Syeikh Ibnu ‘Athaillah As-Sakandary
“Bagian nafsu dalam
kemaksiatan itu jelas nyata. Sedangkan bagian nafsu di dalam ta’at, itu
tersembunyi dan tidak nyata. Mengobati yang tersembunyi itu sangat
sulit terapinya.”
Bahwa nafsu itu memiliki kecenderungan maksiat
dan melakukan tindak maksiat itu sangat nyata dan jelas, karena naluri
nafsu memang demikian. Namun ketika nafsu menyelinap di balik aktivitas
taat, kebajikan, amaliah, sangat tersembunyi. Alur nafsu dalam konteks
ini memiliki tiga karakter:
Takut pada sesama makhluk,
Ambisi rizki,
Rela pada kemauan nafsu itu sendiri.
Munculnya ketiga karakter itu bersamaan dengan selera nafsu.
Sedangkan
perselingkuhan nafsu dibalik taat dan ibadah kita begitu tersembunyi.
Tiba-tiba ia merasa lebih tinggi dibanding orang lain, lebih suci,
kemudian muncul rekayasa untuk manipulasi, dengan tujuan tertentu atau
imbalan tertentu, yang menyebabkan riya’.
Mari kita
bertanya pada diri sendiri dibalik nafsu yang tersembunyi ini. Apakah
ketika kita beribadah, melakukan aktivitas kebajikan dan amaliyah
lainnya, agar kita disebut berperan? Agar disebut lebih dibanding yang
lain? Mendapat pujian dan kehormatan orang lain? Anda sendiri dan
orang-orang sholeh yang memiliki matahatilah yang mengenal karakter itu.
Karena
itu nafsu sering bersembunyi dibalik bendera agama, dibalik aktivitas
ibadah dan gerakan massa keagamaan, bahkan nafsu merangsek ornamen
penampilan orang-orang saleh, agar disebut saleh.
Disnilah
Ibnu Athaillah juga mengingatkan berikutnya: “Kadang-kadang riya’ itu
masuk padamu, ketika orang lain tidak memandangmu.”
Kenapa
demikian? Karena riya’ itu bertumpu pada pandangan makhluk. Ketika anda
bersembunyi atau makhluk lain tidak mengenal anda, lalu anda diam-diam
merasa ikhlas, karena makhluk lain tidak melihatmu, itu pun disebut
riya’. Sebab unsur makhluk masih tersisa di hatimu.
Al-Fudhail
bin ‘Iyadh, ra, menegaskan, “Beramal demi pandangan manusia itu adalah
syirik. Sedangkan tidak melakukan amaliah karena agar dipandang
manusia, adalah riya’. Meninggalkan amal demi manusia adalah syirik.
Ikhlas, adalah Allah jika anda diampuni (lalu meninggalkan) kedua faktor
di atas.”
Ketika seseorang berlaku riya’, dalam kondisi
khalwat, secara diam-diam pula ia ingin disebut lebih utama dibanding
yang lain. “Wah saya sudah suluk, saya sudah baiat, saya sudah khalwat…
Sedangkan kalian kan belum… Jelas saya lebih baik dibanding anda…”.
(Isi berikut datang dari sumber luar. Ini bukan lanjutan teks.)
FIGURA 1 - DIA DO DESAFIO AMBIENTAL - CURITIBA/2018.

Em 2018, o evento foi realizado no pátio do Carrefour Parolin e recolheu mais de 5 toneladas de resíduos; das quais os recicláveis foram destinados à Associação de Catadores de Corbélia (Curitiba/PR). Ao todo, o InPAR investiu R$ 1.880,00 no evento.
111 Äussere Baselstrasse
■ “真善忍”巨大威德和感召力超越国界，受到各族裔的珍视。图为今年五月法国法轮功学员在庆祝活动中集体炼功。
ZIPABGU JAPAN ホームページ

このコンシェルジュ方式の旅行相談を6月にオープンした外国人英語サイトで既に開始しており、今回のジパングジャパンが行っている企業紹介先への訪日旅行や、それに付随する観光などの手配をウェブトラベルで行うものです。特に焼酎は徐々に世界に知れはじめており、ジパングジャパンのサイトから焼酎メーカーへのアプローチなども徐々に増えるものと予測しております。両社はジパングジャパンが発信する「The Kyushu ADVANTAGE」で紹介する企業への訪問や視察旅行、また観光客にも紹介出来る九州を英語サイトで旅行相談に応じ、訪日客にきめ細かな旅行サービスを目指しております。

Bisikan lembut ini adalah bentuk ketakaburan dan riya’.
Inilah
mengapa Ibnu Athaillah melanjutkan: “Upayamu untuk meraih kemuliaan
agar makhluk mengetahui keistemewaanmu, menunjukkan bahwa ubudiyahmu
sama sekali tidak benar.”
Karena, menurut Syeikh Zarruq,
ra, manakala anda benar dalam ubudiyah pada Tuhanmu, pasti anda tidak
senang jika yang lainNya tahu amalmu.
Sebagian Sufi mengatakan,
“Tak seorang pun benar pada Allah Swt, sama sekali, kecuali jika ia
senang bila cintanya tidak dikenal oleh yang lain.”
Ahmad bin Abul
Hawary ra, mengatakan, “Siapa pun bila senang kebaikannya dipandang
orang lain atau disebut-sebut, ia benar-benar musyrik dalam ibadahnya.
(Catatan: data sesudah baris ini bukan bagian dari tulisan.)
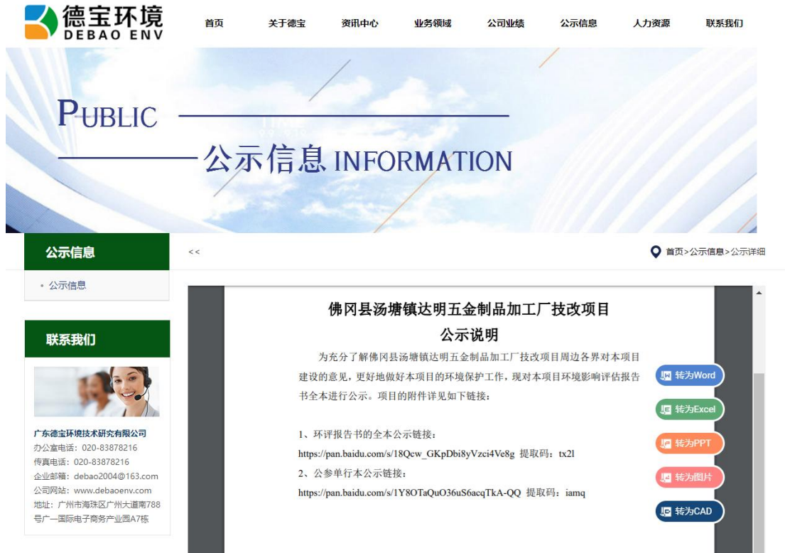
图 6-1 报批前网上公开截图

载体选取的符合性分析：项目报批前在环评单位网站于 2024 年 11 月 21 日网上公开拟报批的环境影响报告书全文和公众参与说明。因此项目报批前公开载体的选取符合《环境影响评价公众参与办法》要求。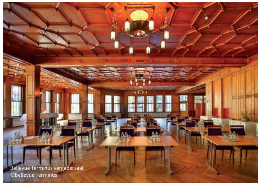
Bellevue Terminus vergaderzaal

De picknicklunch in de trein is meteen een leuke gelegenheid voor het reisgezelschap om met elkaar kennis te maken. Een heer en negen dames merken op, aan het eind van de rit, dat deze manier van reizen al heel snel een ander soort tijdsbesef geeft. In Luzern - ook wel Klein Zwitserland genoemd - wachten gids Prisca Spiller en Abel Morais van het Lucerne Convention Bureau de groep op onder de triomfboog naast het centraal station. Deze boog is enig overgebleven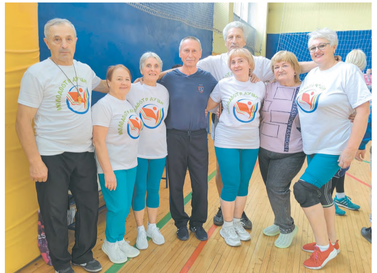
«Молодость души» - команда ветеранов-педагогов

В каждом этапе есть свои победители, и в этом этапе по результатам игр призовые места распределились следующим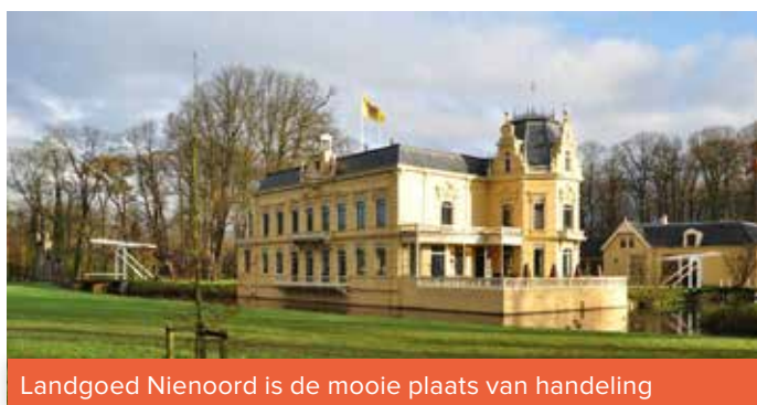
Landgoed Nienoord is de mooie plaats van handeling

De Nimrod is het jaarlijkse topevenement op jachtproevengebied. Alleen op uitnodiging kun je hieraan

Karena orang yang berbakti pada cinta, tidak senang bila baktinya
dipandang oleh selain yang dijabdi.”
Sahl bin Abdullah ra,
mengatakan, “Siapa yang senang pamer amalnya pada orang lain ia telah
riya’. Dan siapa yang ingin dikenal kondisi ruhaninya oleh orang lain,
ia adalah pendusta.”
Ibrahim bin Adham nengatakan, “Tidak benar bagi Allah orang yang senang dengan keterkenalan (popularitas).”
Dan
menghapus riya’ dan membersihkannya, sudah seharusnya dilakukan dengan
memandang kepada Allah Swt dan menolak selain DiriNya.